TASK:
The lines to repeat are those below from the one containing "何建国在致辞中指出,2011" down to the one containing "ヴァレンティノ ガラヴァーニ VALENTINO", both included; reproduce them exactly and nothing else.
[[ STORED DATA open ]]
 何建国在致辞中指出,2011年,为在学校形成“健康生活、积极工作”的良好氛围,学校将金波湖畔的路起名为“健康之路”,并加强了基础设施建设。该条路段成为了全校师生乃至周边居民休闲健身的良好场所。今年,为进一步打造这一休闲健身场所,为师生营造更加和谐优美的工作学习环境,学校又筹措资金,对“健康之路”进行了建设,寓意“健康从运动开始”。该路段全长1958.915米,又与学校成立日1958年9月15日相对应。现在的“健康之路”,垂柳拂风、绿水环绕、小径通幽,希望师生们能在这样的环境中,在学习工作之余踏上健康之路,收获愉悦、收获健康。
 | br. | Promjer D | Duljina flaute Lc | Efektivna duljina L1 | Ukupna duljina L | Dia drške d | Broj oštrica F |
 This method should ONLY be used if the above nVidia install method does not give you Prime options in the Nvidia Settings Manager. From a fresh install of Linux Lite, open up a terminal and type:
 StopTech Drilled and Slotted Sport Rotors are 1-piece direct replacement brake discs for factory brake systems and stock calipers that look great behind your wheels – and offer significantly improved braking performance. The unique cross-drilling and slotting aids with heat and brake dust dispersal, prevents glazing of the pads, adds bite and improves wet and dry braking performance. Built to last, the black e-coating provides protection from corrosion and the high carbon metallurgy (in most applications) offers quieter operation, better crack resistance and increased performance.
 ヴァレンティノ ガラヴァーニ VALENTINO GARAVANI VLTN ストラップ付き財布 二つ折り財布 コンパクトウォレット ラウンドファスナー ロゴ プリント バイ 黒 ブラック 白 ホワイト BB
[[ STORED DATA closed ]]
[[ STORED DATA open ]]
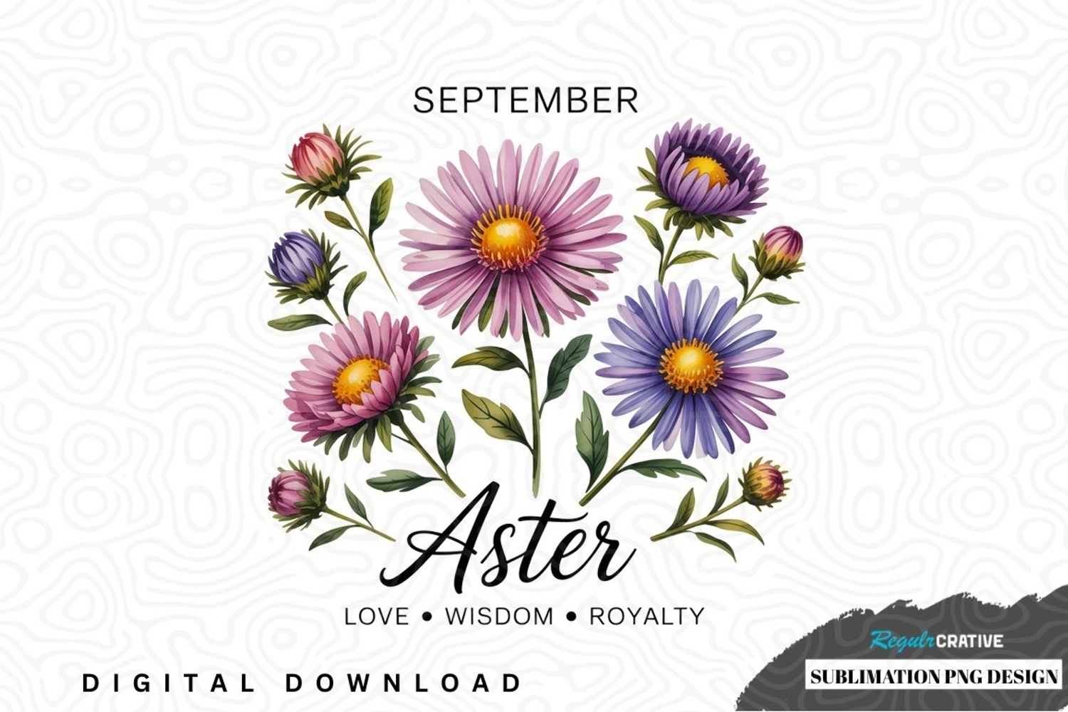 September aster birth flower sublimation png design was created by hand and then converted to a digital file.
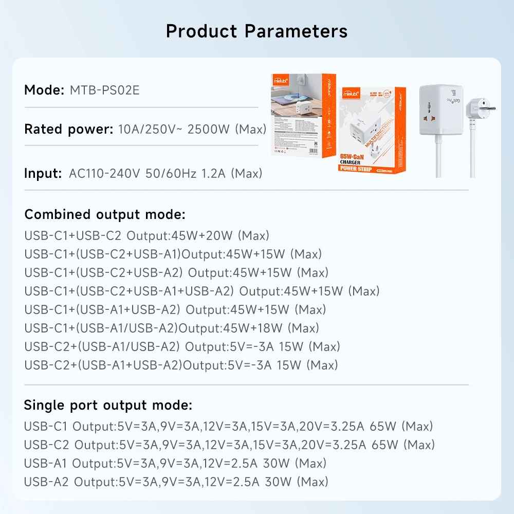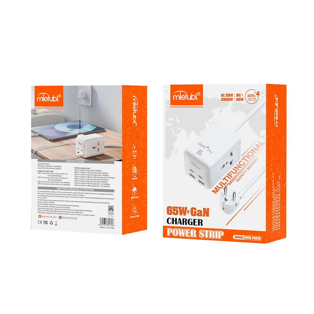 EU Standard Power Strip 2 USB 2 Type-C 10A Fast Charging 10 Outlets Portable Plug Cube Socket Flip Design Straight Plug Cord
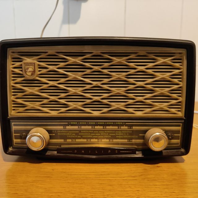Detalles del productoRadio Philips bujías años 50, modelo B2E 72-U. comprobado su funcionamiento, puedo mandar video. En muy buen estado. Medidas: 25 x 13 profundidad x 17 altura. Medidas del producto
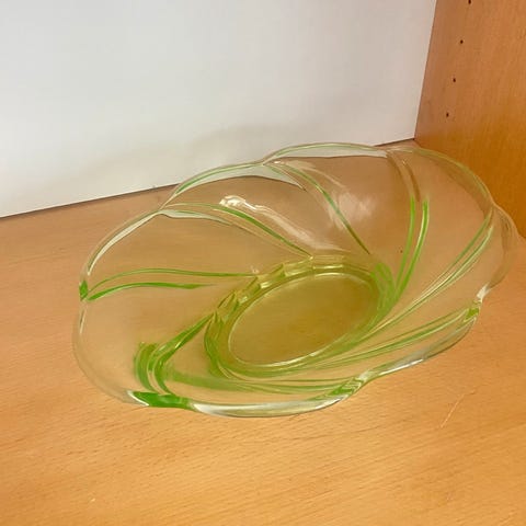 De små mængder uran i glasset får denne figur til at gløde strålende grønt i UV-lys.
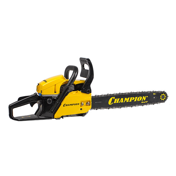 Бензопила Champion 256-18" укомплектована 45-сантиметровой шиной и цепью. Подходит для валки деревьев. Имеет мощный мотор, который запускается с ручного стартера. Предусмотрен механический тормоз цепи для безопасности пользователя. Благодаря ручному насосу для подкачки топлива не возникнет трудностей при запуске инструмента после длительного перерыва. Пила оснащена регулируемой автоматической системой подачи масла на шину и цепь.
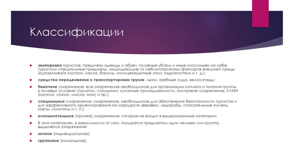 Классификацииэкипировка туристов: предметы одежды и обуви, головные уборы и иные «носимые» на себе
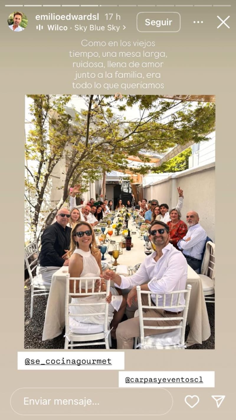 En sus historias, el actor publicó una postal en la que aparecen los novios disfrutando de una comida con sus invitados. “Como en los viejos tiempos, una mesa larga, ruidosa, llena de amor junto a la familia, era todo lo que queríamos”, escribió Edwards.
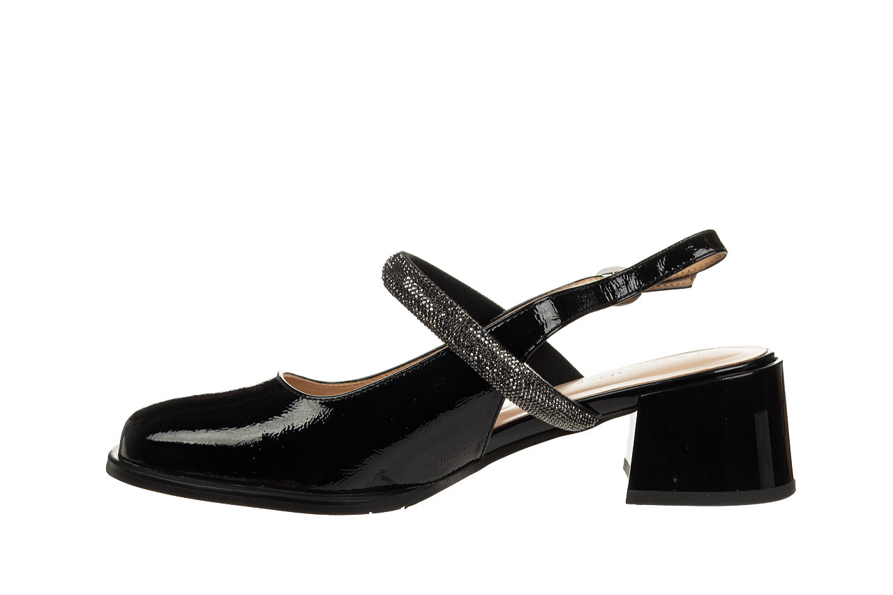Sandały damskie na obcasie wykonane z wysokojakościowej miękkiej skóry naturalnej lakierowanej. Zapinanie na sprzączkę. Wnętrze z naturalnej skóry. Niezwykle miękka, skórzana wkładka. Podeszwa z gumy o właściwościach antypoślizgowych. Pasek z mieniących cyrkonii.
[[ STORED DATA closed ]]
FINISHED EXERCISE:
 何建国在致辞中指出,2011年,为在学校形成“健康生活、积极工作”的良好氛围,学校将金波湖畔的路起名为“健康之路”,并加强了基础设施建设。该条路段成为了全校师生乃至周边居民休闲健身的良好场所。今年,为进一步打造这一休闲健身场所,为师生营造更加和谐优美的工作学习环境,学校又筹措资金,对“健康之路”进行了建设,寓意“健康从运动开始”。该路段全长1958.915米,又与学校成立日1958年9月15日相对应。现在的“健康之路”,垂柳拂风、绿水环绕、小径通幽,希望师生们能在这样的环境中,在学习工作之余踏上健康之路,收获愉悦、收获健康。
 | br. | Promjer D | Duljina flaute Lc | Efektivna duljina L1 | Ukupna duljina L | Dia drške d | Broj oštrica F |
 This method should ONLY be used if the above nVidia install method does not give you Prime options in the Nvidia Settings Manager. From a fresh install of Linux Lite, open up a terminal and type:
 StopTech Drilled and Slotted Sport Rotors are 1-piece direct replacement brake discs for factory brake systems and stock calipers that look great behind your wheels – and offer significantly improved braking performance. The unique cross-drilling and slotting aids with heat and brake dust dispersal, prevents glazing of the pads, adds bite and improves wet and dry braking performance. Built to last, the black e-coating provides protection from corrosion and the high carbon metallurgy (in most applications) offers quieter operation, better crack resistance and increased performance.
 ヴァレンティノ ガラヴァーニ VALENTINO GARAVANI VLTN ストラップ付き財布 二つ折り財布 コンパクトウォレット ラウンドファスナー ロゴ プリント バイ 黒 ブラック 白 ホワイト BB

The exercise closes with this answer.